The fight against the spread of HIV/AIDS has received an additional boost, as the AIDS/STD Programme implemented by the Ministry of Health and the Environment, has received $46.5 million.
This is set out in the 2008/2009 Estimates of Expenditure, now before the House of Representatives.
The allocation will be used to continue the control of HIV/STD infections as well as reducing the transmission of the disease in Jamaica, while at the same time improving the health status of Jamaicans.
A joint venture between the Ministry and the United States Agency for International Development (USAID), the original duration of the programme was from September 2001 to April 2004; however it has been extended to 2009.

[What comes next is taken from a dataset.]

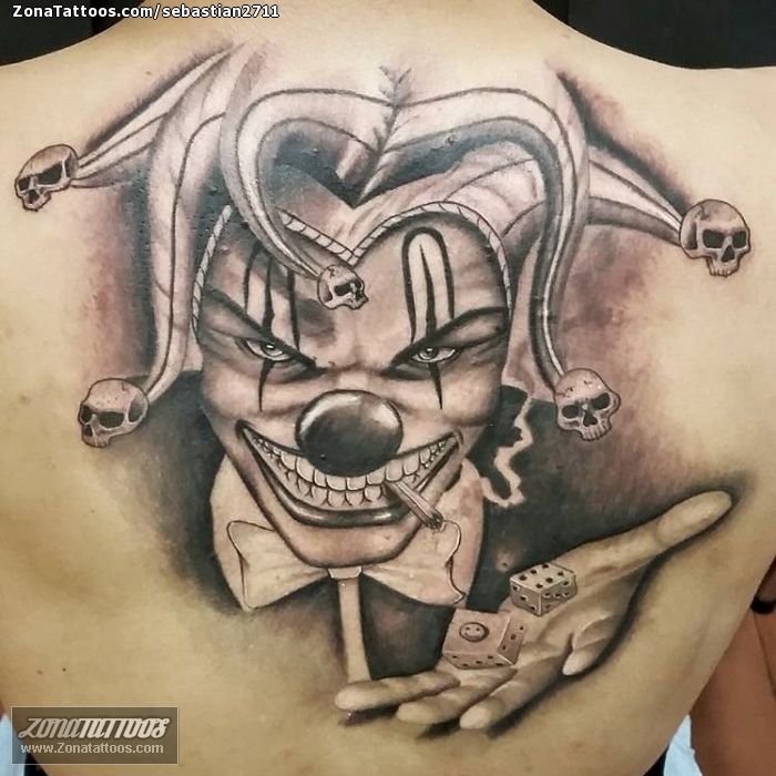 В каждой цирковой труппе есть карточные игроки, клоуны-любители мошенничества и фокусов. Поэтому рисунок шута, в который включены карты, кости — знак рискованной натуры, азартного игрока. Многие мужчины отображают в тату свои увлечения, поэтому в руках клоуна можно увидеть оружие, ножи, курительную трубку.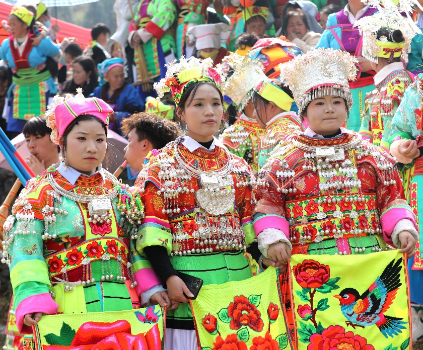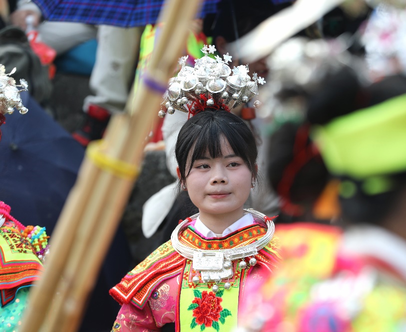 据了解,苗族“跳月”是当地最隆重的传统民俗活动之一,包含祭祀祈福、欢庆新春等内容,既是苗族儿女歌颂美好生活、祈愿风调雨顺的重要仪式,也是青年男女相亲交友的平台,更是展示苗族服饰、银饰、刺绣等技艺的重要载体。

Targets outlined for the period 2008/09 include the continued decentralization of the National Programme to the Regional Authority as well as funding for approximately 50 regional peer educators.

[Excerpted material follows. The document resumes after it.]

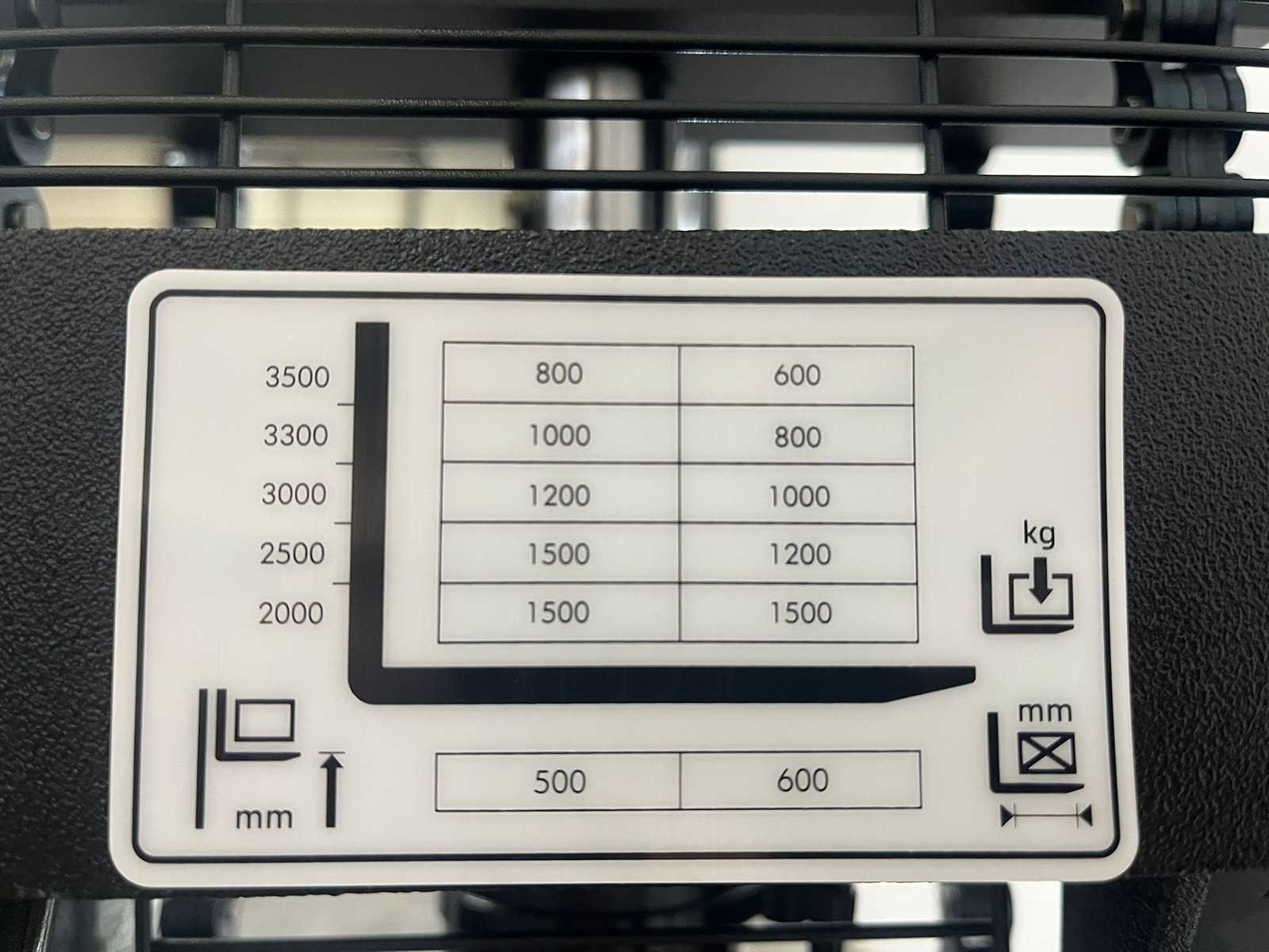 Interne lader; noodstop; batterij percentage; dubbele ketting; noodknop; load center 600mm; nominal power 0,75kW; Battery voltage 24V; 71Ah/5hr; lepelgrootte 560x1150mm Nee Merk: RTE Type: 7857-B Bouwjaar: 2025 Hefvermogen: 1500kg Hefhoogte: 3500mm Lepellengte: 1150mm Eigen gewicht: 597kg Minimale doorrijhoogte: 2240mm Totale afmeting L: 1750mm Totale afmeting Breedte: 850mm Totale afmeting Hoogte: 2240mm

This is in addition to the further strengthening of services available in Sexually Transmitted Infection (STI) clinics; the maintenance of HIV testing among sentinel groups in all parishes and the offering of counselling; the improvement of laboratory efficiency; and increased training for counsellors in collaboration with the University of the West Indies.
On the agenda for the year also is the continued reduction of prenatal HIV/STI transmission and congenital syphilis and, the improvement in contact investigator services. There are also plans to establish sustainable quality assurance and standard for HIV care.
Under the programme so far, there have been a number of achievements such as, studies on sexual behaviour of high-risk groups and special surveys in HIV/STD; the development of AIDS/HIV procedure guidelines and protocol for rapid HIV testing and the conducting of Behaviour Change Community training for Guidance Counsellors and peer educators.
A draft protocol for vaginal discharge study has also been completed, while a draft manual on anti retro-viral therapy, tuberculosis (TB) and home based care prepared.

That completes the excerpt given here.